Упала, сыпля искрами и отражаясь в воде, мачта. На других французских кораблях перестали стрелять — матросов отозвали от пушек, чтобы в случае чего оттолкнуть пылающую громаду. Озаренные пламенем силуэты кораблей двигались — вероятно, напуганные близостью «Турени» офицеры приказали обрубить якоря.
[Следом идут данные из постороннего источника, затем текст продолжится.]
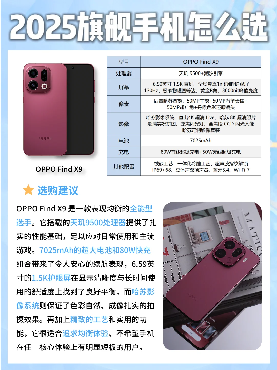 [赞R]下半年这波标准版旗舰手机可以说各有优势。[萌萌哒R]但如果你追求全面均衡,希望屏幕护眼、系统流畅、拍照出色、续航还顶——那 OPPO Find X9 可能是今年综合实力最稳的“标准版旗舰”,各方面都是越级配置,X9标准版给到了Pro级配置,[赞R]尤其在ColorOS 16加持下,日常使用真的舒服,像是一位不偏科的优等生。🎯
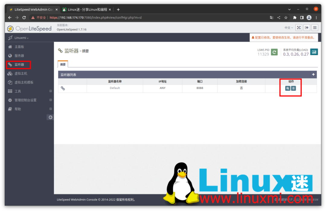 默认情况下,OpenLiteSpeed 侦听端口 8088。但是,我们可以将其更改为端口 80,即 HTTP 请求的默认端口。
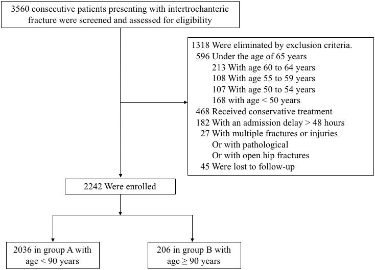 From Jan 2014 to Jan 2019, a total of 3560 consecutive patients presenting with intertrochanteric fracture were screened and assessed for eligibility to participate in this study. A total of 1318 patients were eliminated by the exclusion criteria. Among these, 596 patients were under the age of 65 years (213 with age 60 to 64, 108 with age 55 to 59, 107 with age 50 to 54, 168 with age < 50); 468 patients (46 with age ≥ 90, 422 with age 65-89) received conservative treatment; 182 patients (22 with age ≥ 90, 160 with age 65-89) had an admission delay of more than 48 hours; 27 patients had multiple fractures or injuries, pathological or open hip fractures; and 45 patients were lost to follow-up. Finally, 2242 patients, including 2036 in group A with age < 90 years and 206 in group B with age ≥ 90 years, presenting with intertrochanteric fracture met our inclusion and exclusion criteria (Figure 1).
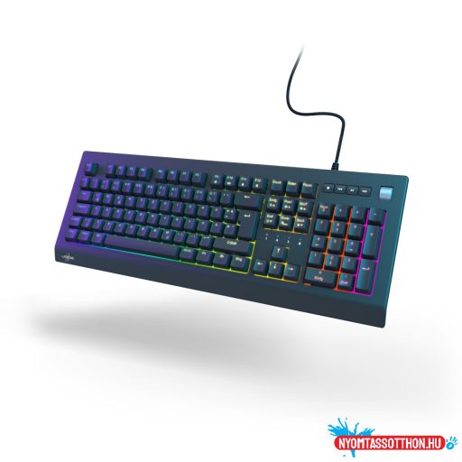 Az Outemu Red kapcsolókkal ellátott mechanikus, lineáris billentyűk nagyon magas beviteli sebességet tesznek lehetővé, akár 50 millió csendes billentyűleütéssel * 16,8 millió színnel rendelkező, teljes RGB megvilágítással ellátott billentyűzet * Az UV-bevonatú ABS műanyagból készült keycap-ek védelmet nyújtanak a kopás ellen * Teljes rugalmasság és rendezettség a kábelkötegelővel ellátott levehető kábelnek köszönhetően * A rugalmas szövetburkolat a kábel körül nagyobb stabilitást és tartósságot biztosít * Gyorsan reagáló, mechanikus billentyűzet * 100%-os formafaktor * Vezérlőgörgő a hangerő beállításához * 4 db további multimédia billentyű * Beépített memória a makró- és világítási beállításokhoz * Win-lock funkció * Állítható magasságú * Súly: 885 g * Kábelhossz: 1,8 m
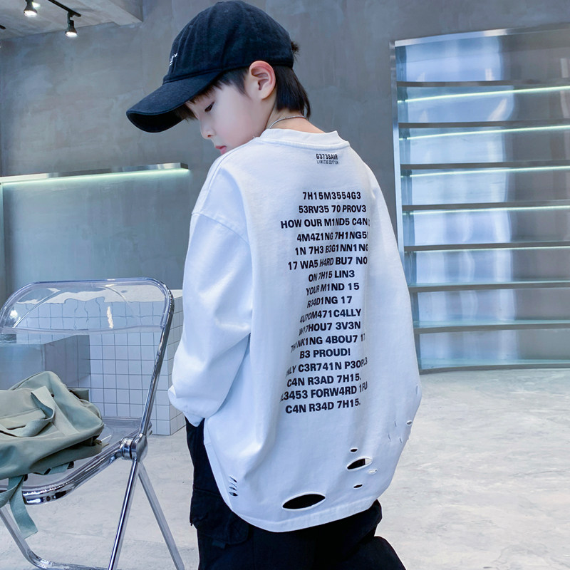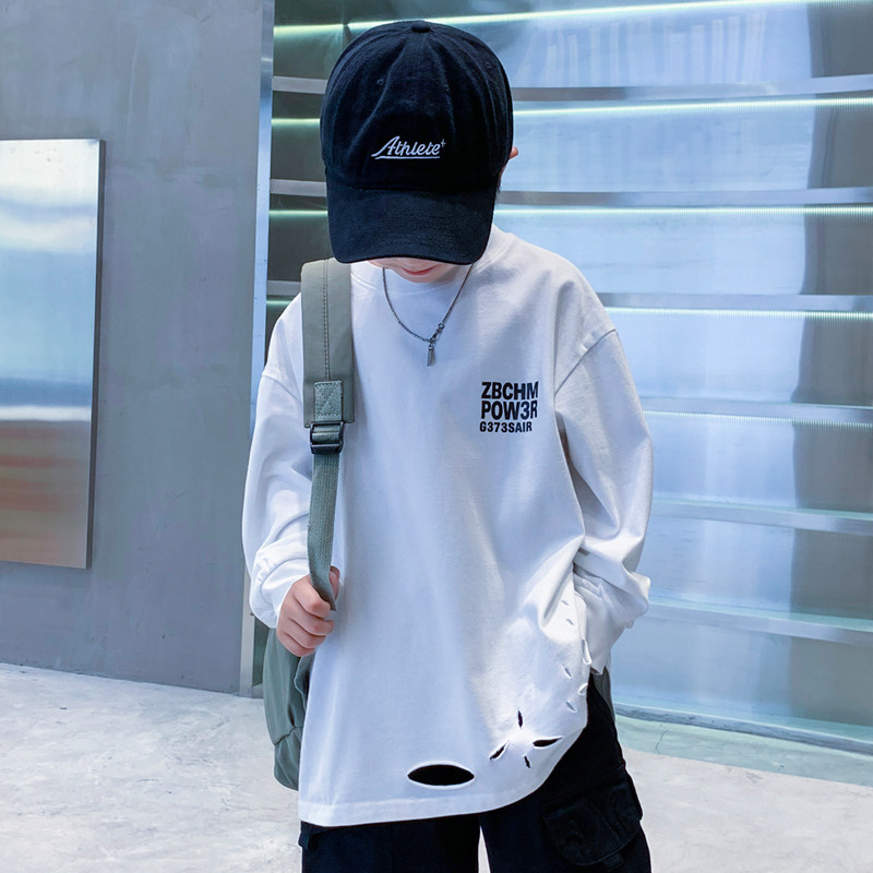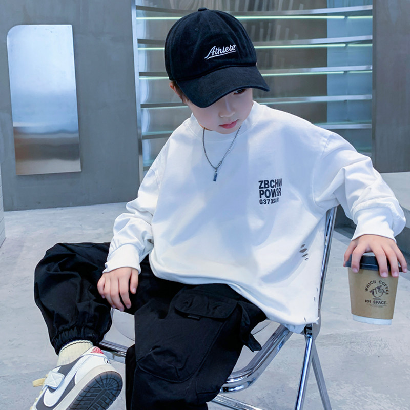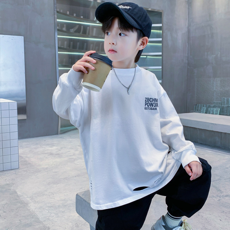 男童长袖t恤内搭打底衫中大儿童体恤白色2024春秋季新款春装薄款

Тут Хорнблауэр отвлекся: огонь разгорался ближе к берегу, там, где лежал выброшенный на мель «Сатерленд». Он тоже пылал. Какие-то смелые британцы высадились на него и подожгли, чтоб не оставлять французам и такой жалкий трофей. Дальше в заливе засветились три красные точки. У Хорнблауэра от волнения сперло дыхание — он подумал, что загорелось английское судно. Но нет, это сигнал, три красных фонаря, видимо, заранее условленный, потому что пальба сразу стихла. Горящие корабли озаряли ползалива, и в их свете Хорнблауэр отчетливо видел: три другие корабля, лишенные мачт и якорей, дрейфуют к берегу. Тут зарево осветило весь залив, над водой прокатился оглушительный грохот — огонь добрался до порохового погреба «Турени». Взорвались двадцать тонн пороха. Несколько секунд Хорнблауэр ничего не видел и не соображал: даже здесь, на бастионе, взрыв тряхнул его, как сердитая нянька — расшалившегося дитятю.
Начало светать, вокруг проступили очертания крепостных стен, пылающий «Сатерленд» несколько поблек. Далеко в заливе, недосягаемые для городских пушек, стройной кильватерной колонной уходили в море пять британских линейных кораблей. Что-то было не так с «Плутоном» — только со второго взгляда Хорнблауэр понял, что флагман лишился грот-стеньги. По крайней мере одно французское ядро в цель угодило. Другие британские корабли, видимо не пострадали в этой, одной из самых блестящих операций в истории британского флота. Хорнблауэр оторвал взгляд от удаляющихся друзей и оглядел арену сражения. «Турень» и брандер сгинули, на месте «Сатерленда» догорали черные уголья, да вился над водою серый дымок. Два из трех линейных кораблей выбросило на камни к западу от крепости — не французам их починить. Уцелел только трехпалубник — побитый, без единой мачты, он качался на якоре у самой кромки прибоя. Первый же шторм выбросит на берег и его. Британскому средиземноморскому флоту не придется больше следить за заливом Росас.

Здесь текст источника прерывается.